Registered Limited Liability Partnerships (& Limited Liability Companies) - Houston Texas Corporate Law Attorney Thomas D. Solomon
 
HomeFirm ProfileAttorney BioPractice AreasOffice LocationContact Us
Houston Texas Attorney 
 
Firm Profile
 
Attorney Bio
 
Practice Areas
 
Office Location
 
Articles
Acquisitions and Mergers
Wealth Convservation
Entity Choice
Non-Competition / Non-Disclosure
Option Plans
Securities
Employment Law for Employers
 
Legal Resources

Articles : Entity Choice


Registered Limited Liability Partnerships (& Limited Liability Companies)


Email this article
 Printer friendly page

A registered limited liability partnership offers a certain amount of liability protection to its partners. A registered limited liability partnership is any general or limited partnership that registers with the Texas secretary of state. This registration gives both general, as well as limited, partners some protection against individual liability to third parties for the actions of other partners. A partner in a registered limited liability partnership is not individually liable, directly or indirectly, by contribution, indemnity, or otherwise, for debts and obligations of the partnership incurred while the partnership is a registered limited liability partnership, unless arising from improper actions or omissions of the partners.

This means that a partner in a registered limited liability partnership is not individually liable for debts and obligations of the partnership, if the errors, omissions, negligence, incompetence, or malfeasance triggering the liability were committed while the partnership is a registered limited liability partnership, in the course of the partnership’s business by another partner or a representative of the partnership, and that person was not working under the supervision or direction of the partner seeking to avoid liability.

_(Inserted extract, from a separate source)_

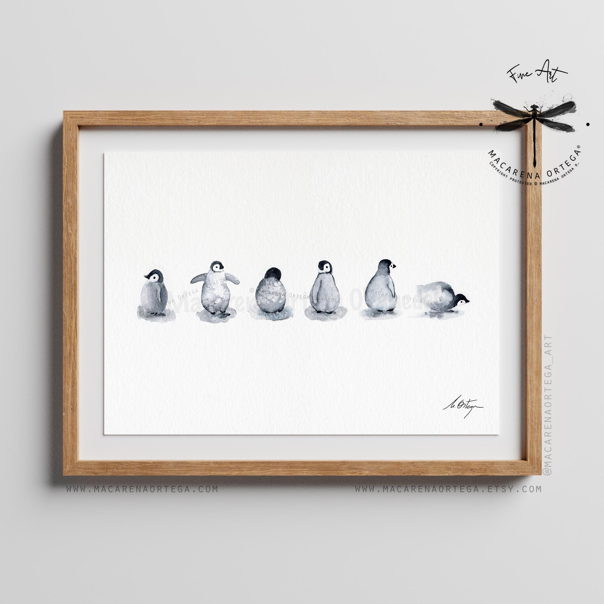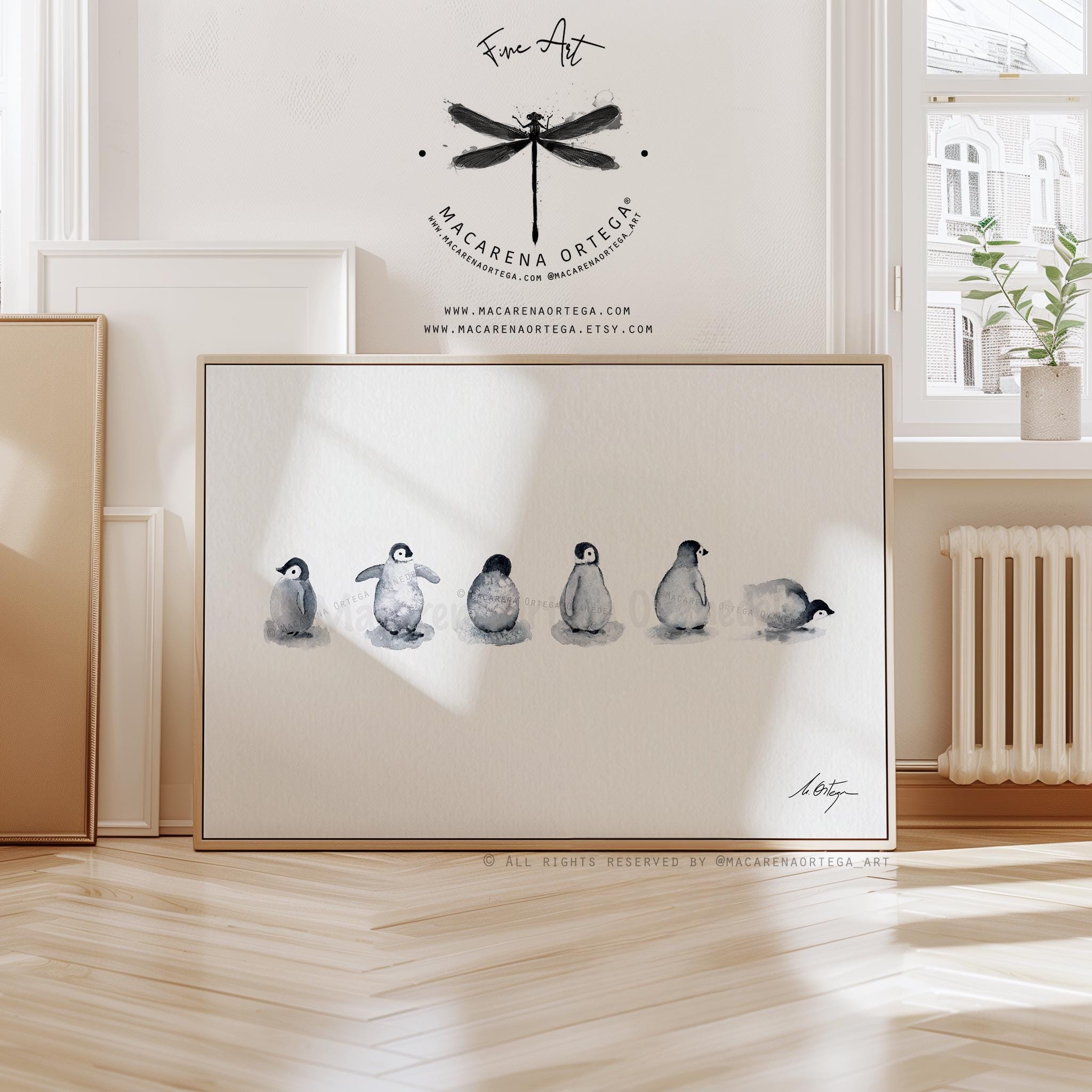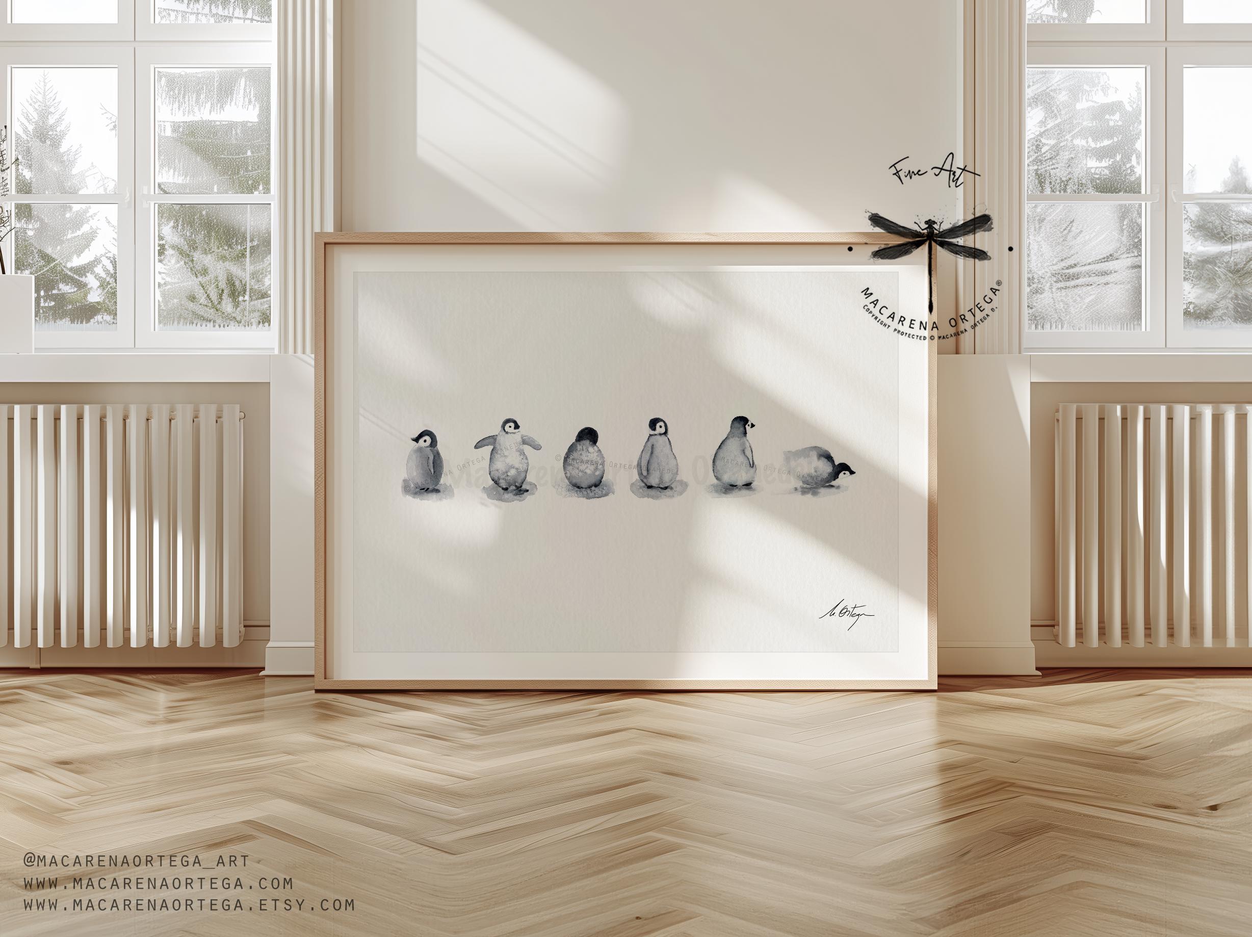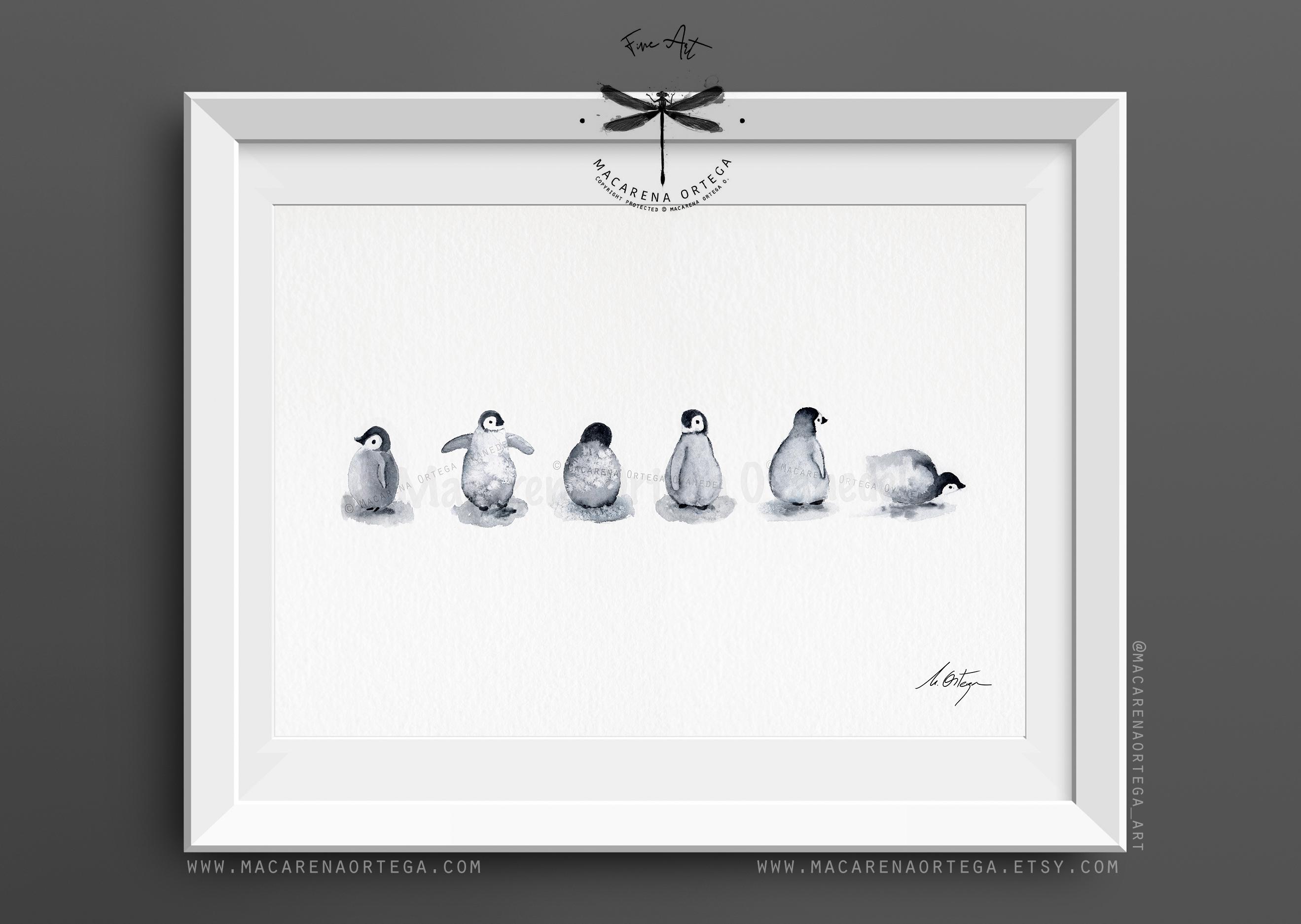 🐧 Six little penguin friends, captured in a soft and minimalist watercolor scene — a gentle tribute to the quiet beauty of Arctic life.

There are circumstances where a partner cannot avoid liability, even in the context of being a partner in a registered limited liability partnership. For example, a partner will be liable for the acts of a partner or representative of the partnership if the partner either: (i) was directly involved in the specific activity in which the errors, omissions, negligence, incompetence, or malfeasance were committed by the other partner or representative; or (ii) had notice or knowledge of the errors, omissions, negligence, incompetence, or malfeasance by the other partner or representative at the time of occurrence and then did not take reasonable steps to prevent or cure the errors, omissions, negligence, incompetence, or malfeasance.

The registration process included filing an annual registration form with the secretary of state. The statutes require that a registered limited liability partnership must give notice of its status by requiring that the last words in its name be “registered limited liability partnership” or the abbreviation “L.L.P”. A further requirement is that a registered limited liability partnership must either carry a liability policy of at least $100,000 covering errors, omissions, negligence, incompetence or malfeasance or provide $100,000 of funds specifically designated and segregated for the satisfaction of judgments against the partnership based on such errors, omissions, negligence, incompetence or malfeasance. If the partnership chooses to post the $100,000 rather than purchase liability insurance, it must either deposit (in trust or a bank escrow) $100,000 of cash, bank certificates of deposit, or United States Treasury obligations, or a bank letter of credit or insurance company bond.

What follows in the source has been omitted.